Example 3: Using Threads to Save RAM

CPU: 4 cores
RAM: 1 GB (1024 MB)
Worker memory: 200 MB
Threads: 4

Calculation:

CPU-based: (4 * 2) + 1 = 9 workers
RAM-based: 1024 / 200 = 5 workers
Base optimal: min(9, 5) = 5 workers
With threads: 5 / 4 = 1 worker (minimum) with 4 threads

Example 4: Very Low RAM (512 MB)

CPU: 2 cores
RAM: 512 MB
Worker memory: 200 MB
Threads: 4

Calculation:

CPU-based: (2 * 2) + 1 = 5 workers
RAM-based: 512 / 200 = 2 workers
Base optimal: min(5, 2) = 2 workers
With threads: 2 / 4 = 0.5 → 1 worker (minimum enforced) with 4 threads

Configuration Options

Environment Variables

NOW_LMS_WORKERS / WORKERS

Type: Integer
Default: Auto-calculated based on RAM and CPU
Description: Explicitly set the number of Gunicorn workers
Example: NOW_LMS_WORKERS=4 or WORKERS=4
Compatibility: Both NOW_LMS_WORKERS (preferred) and WORKERS are supported

When set, this overrides automatic calculation. Use this when you know your specific requirements.

NOW_LMS_THREADS / THREADS

Type: Integer
Default: 1
Description: Number of threads per worker
Example: NOW_LMS_THREADS=4 or THREADS=4
Compatibility: Both NOW_LMS_THREADS (preferred) and THREADS are supported

Setting threads > 1: - Automatically switches to gthread worker class - Reduces worker count proportionally to save RAM - Better for I/O-bound applications

NOW_LMS_WORKER_MEMORY_MB / WORKER_MEMORY_MB

Type: Integer
Default: 200
Description: Estimated memory usage per worker in MB
Example: NOW_LMS_WORKER_MEMORY_MB=250 or WORKER_MEMORY_MB=250
Compatibility: Both NOW_LMS_WORKER_MEMORY_MB (preferred) and WORKER_MEMORY_MB are supported

Adjust this based on your application's actual memory usage. To measure:

# Monitor memory usage of workers
ps aux | grep gunicorn

LMS_PORT / PORT

Type: Integer
Default: 8080
Description: Port number for the server
Example: LMS_PORT=8080

Deployment Scenarios

Scenario 1: Production Server (8 GB RAM, 4 cores)

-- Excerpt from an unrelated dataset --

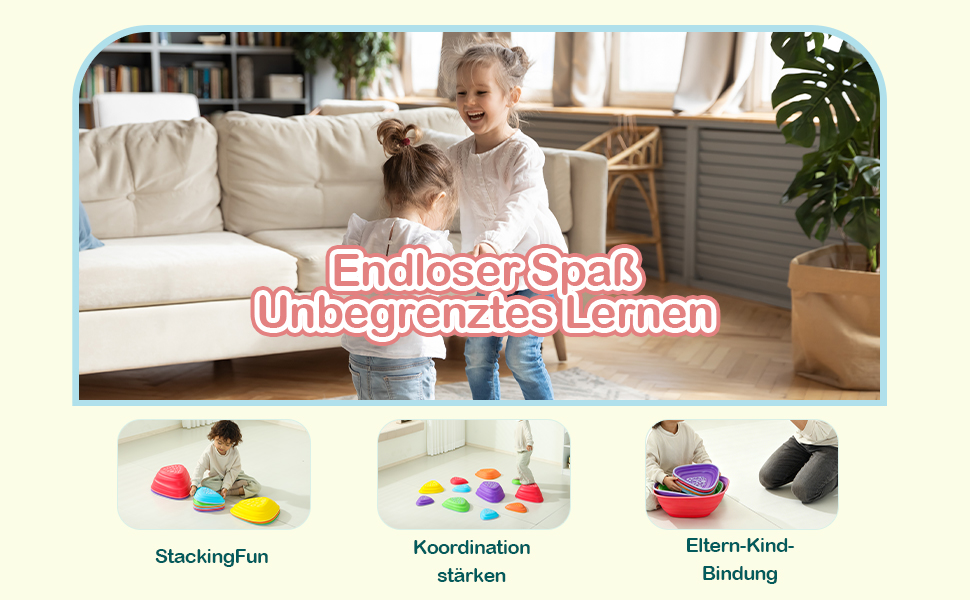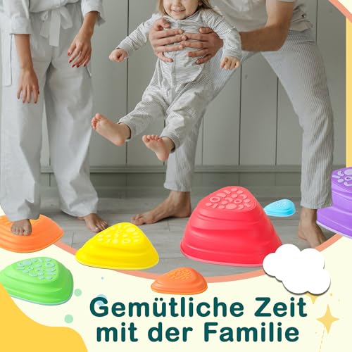 「High-Grade & Enough Material, Durable & Strong Bearing」 Using non-toxic and odorless healthy PP material, it is even more durable than natural stone toys, so please feel relief to place them outside. The max load is 220lbs, also suitable for adults, making this balance training kit an excellent parent-child game toy.
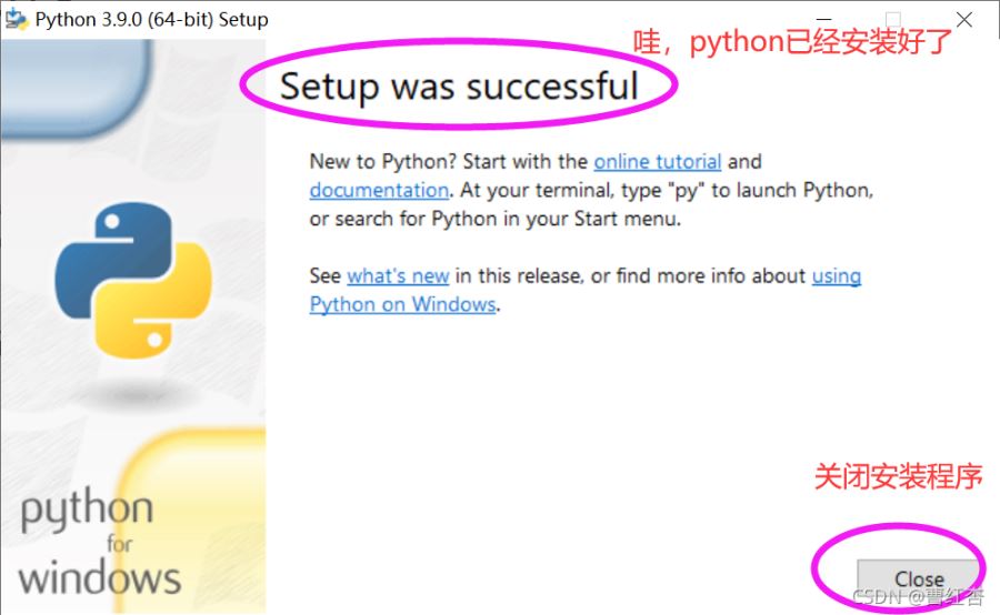 當(dāng)出現(xiàn)下面的窗口,就說(shuō)明你已經(jīng)成功安裝了python,點(diǎn)擊【close】結(jié)束安裝。

No configuration needed - automatic calculation works well:

# Automatic: 9 workers, 1 thread
venv/bin/lmsctl serve

Expected configuration: - Workers: 9 (CPU-limited) - Threads: 1 - Estimated RAM: ~1.8 GB

Scenario 2: Small VPS (1 GB RAM, 2 cores)

Use threads to reduce RAM usage:

export NOW_LMS_THREADS=4
venv/bin/lmsctl serve

Expected configuration: - Workers: 1 (RAM-limited, adjusted for threads) - Threads: 4 - Estimated RAM: ~200 MB

Scenario 3: Container with Limited RAM (512 MB, 2 cores)

Explicitly limit workers and use threads:

export NOW_LMS_WORKERS=1
export NOW_LMS_THREADS=4
export NOW_LMS_WORKER_MEMORY_MB=150
venv/bin/lmsctl serve

Expected configuration: - Workers: 1 (explicit) - Threads: 4 - Estimated RAM: ~150 MB

Scenario 4: High-Traffic Server (16 GB RAM, 8 cores)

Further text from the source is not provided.